I'm parsing files with words that need to be spell checked. The input is in RTF-format. The words to be checked have \- strings in them designating the predetermined breaking point where a word should be wrapped around when the line would get too long otherwise (hyphenation).

The input is e.g. ei\-ner. The lexer should recognize 'einer', thus totally ignoring the '\-'.

The task could be boiled down to:

parse the input for the occurrence of '\-'. eliminate the '\-' from the input stream (yyin/yytext) and put back the filtered input stream to the lexer.

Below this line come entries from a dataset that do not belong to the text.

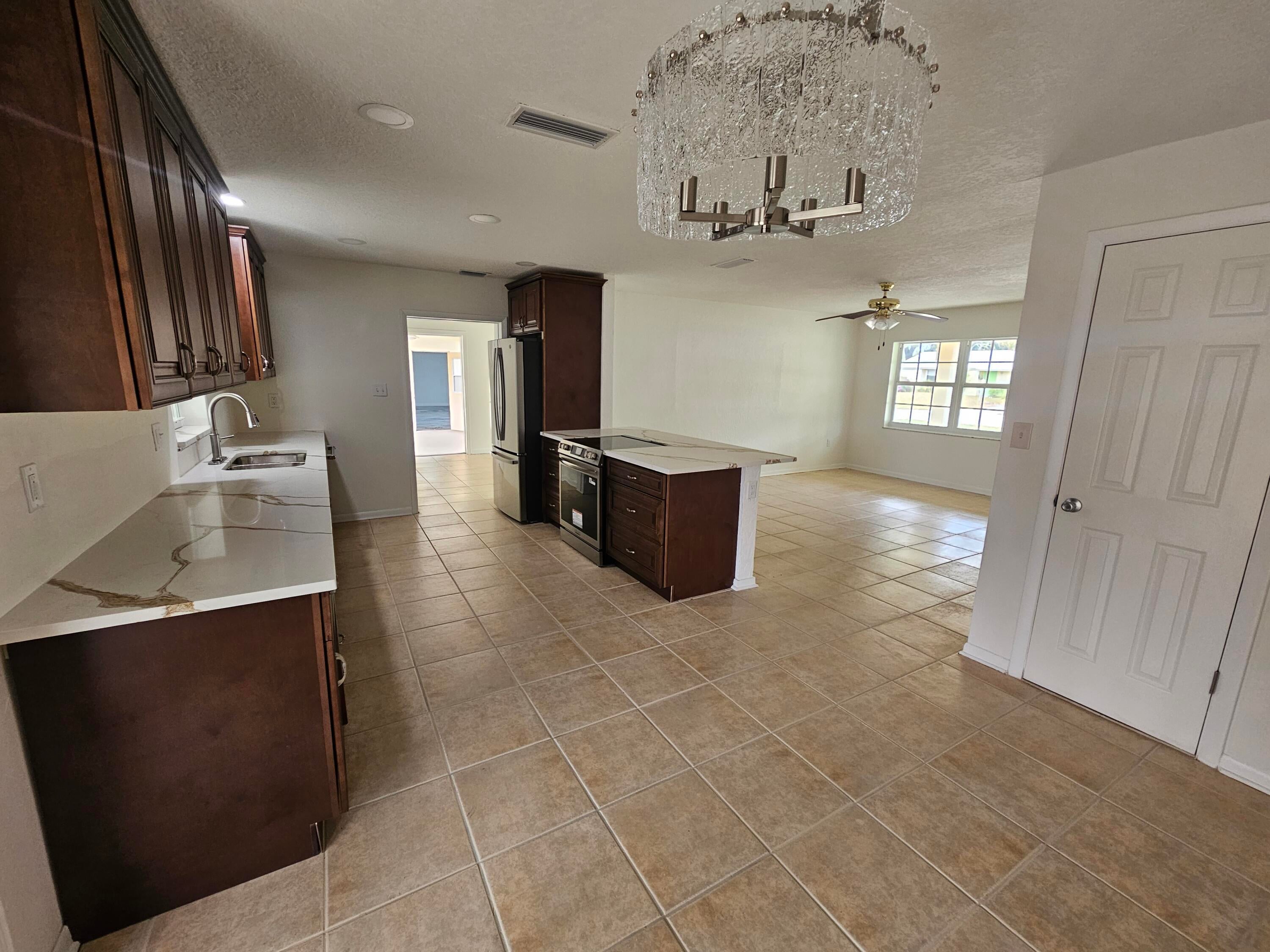A great family home CBS 3/2 with a separate huge 2 car garage to run a business out of it. Brand new kitchen: cabinets and appliances, New Hurricane proof windows, great screened breezeway between home and garage, screened back porch, family room plus a living room! Almost 1/2 acre on a lovely corner lot on a quiet street. Freshly painted! Back yard fenced for children and pets! No homestead on home. New buyer can apply for it! Don't miss this opportunity!
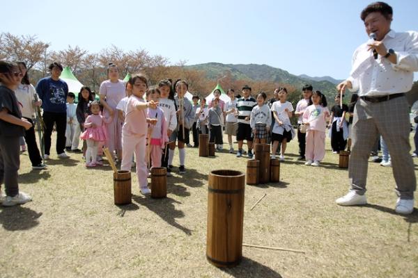 18일 속초시 상도문 돌담마을 일대에서 열린 ‘상도문 봄맞이 축제’에 참가한 어린이들이 투호놀이 게임을 즐기고 있다.
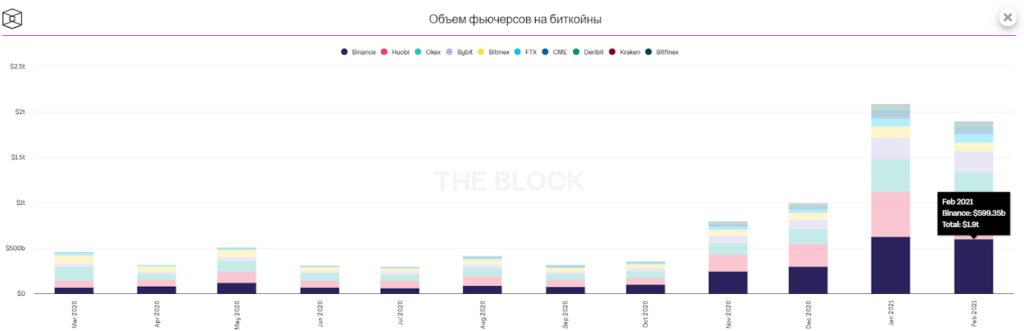 Объем торгов фьючерсами на биткоин в феврале составил $1.9 трлн по всем биржам. В январе показатель был $2.09 трлн. Лидер опять же Binance — $600 млрд. На втором месте Huobi ($450 млрд), на третьем — OKEx с показателем $288 млрд.

Or in other words: is it possible to make flex, to ignore a pattern totally?

Upvotes: 0

Views: 121

Answers (1)

Krischu
Krischu

Reputation: 1135

I believe I got the idea. I might override YY_INPUT. In lex.yy.cit is defined as:

   #ifndef YY_INPUT
#define YY_INPUT(buf,result,max_size) \
    if ( YY_CURRENT_BUFFER_LVALUE->yy_is_interactive ) \
        { \
        int c = '*'; \
        int n; \
        for ( n = 0; n < max_size && \
                 (c = getc( yyin )) != EOF && c != '\n'; ++n ) \
            buf[n] = (char) c; \
        if ( c == '\n' ) \
            buf[n++] = (char) c; \
        if ( c == EOF && ferror( yyin ) ) \
            YY_FATAL_ERROR( "input in flex scanner failed" ); \
        result = n; \
        } \
    else \
        { \
        errno=0; \
        while ( (result = (int) fread(buf, 1, (yy_size_t) max_size, yyin)) == 0 && ferror(yyin)) \
            { \
            if( errno != EINTR) \
                { \
                YY_FATAL_ERROR( "input in flex scanner failed" ); \
                break; \
                } \
            errno=0; \
            clearerr(yyin); \
            } \
        }\
\

#endif

and put my input filtering in there. The only problem I see is, when I "eat up" two characters from the input and flex is asking max_size characters, how do I tell the caller that there are two less in the buffer?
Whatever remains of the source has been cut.